Considering this is my dataset
df <-
structure(list(id = 1:6, w = c(NA, 11L, 12L, 13L, 14L, 15L),
x = c(20L, 21L, NA, 23L, 24L, 25L), y = c(30L, 31L, 32L,
NA, 34L, 35L), z = c(40L, NA, 42L, 43L, 44L, NA), Group = c("Group1",
"Group2", "Group2", "Group2", "Group3", "Group3")), row.names = c(NA,
-6L), class = c("tbl_df", "tbl", "data.frame"))
id w x y z Group
1 NA 20 30 40 Group1
2 11 21 31 NA Group2
3 12 NA 32 42 Group2
4 13 23 NA 43 Group2
5 14 24 34 44 Group3
6 15 25 35 NA Group3
I am trying to sum observations from columns w, x, y,z row wise by Groups. I am using case_when
statement like this.
df <- df %>%
mutate(
group1_total <- case_when( Group = "Group1" ~ rowSums(w,x, na.rm = TRUE)),
group2_total <- case_when( Group = "Group2" ~ rowSums(w,x,z, na.rm = TRUE)),
group3_total <- case_when( Group = "Group3" ~ rowSums(w,x,y,z, na.rm = TRUE))
)
I am getting an error saying, error in rowSums()

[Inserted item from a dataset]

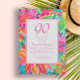 Djärv och färgrik varm rosa, orange och grön akvarellblomma 90-årsdag inbjudan för henne. Kontakta mig för hjälp med dina anpassningar eller för att begära ytterligare matchande eller samordnade Zazzle-produkter för ditt evenemang.
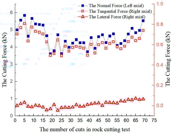Through the experiment, the normal force, the cutting force, and the lateral force from the experimental data are shown in Figure 3. It is easily found that the normal force is the largest among the components of the cutting load, the cutting force is the second, and the lateral force is the smallest. In this paper, the new pick was studied, so the first nine cutting test data were extracted to obtain the average force (Table 1). In our work, we set the normal force at 5.5 kN, the cutting force at 0.6 kN, and the lateral force at 0.002 kN.

. Not sure what I am doing wrong. Any suggestions or help is much appreciated, Thanks.
I would create a named list where we specify the variables to be summed for each group.
cur_data()
returns the data for the current group, group_cols[[unique(Group)]]
selects the appropriate columns for each group.
library(dplyr)
group_cols <- list('Group1' = c('w', 'x'), 'Group2' = c('w', 'x', 'z'),
'Group3' = c('w', 'x', 'y', 'z'))
df %>%
group_by(Group) %>%
mutate(total = rowSums(select(cur_data(),
group_cols[[unique(Group)]]), na.rm = TRUE)) %>%
ungroup
# id w x y z Group total
# <int> <int> <int> <int> <int> <chr> <dbl>
#1 1 NA 20 30 40 Group1 20
#2 2 11 21 31 NA Group2 32
#3 3 12 NA 32 42 Group2 54
#4 4 13 23 NA 43 Group2 79
#5 5 14 24 34 44 Group3 116
#6 6 15 25 35 NA Group3 75
The benefit of this is the calculation is done per group instead of per row.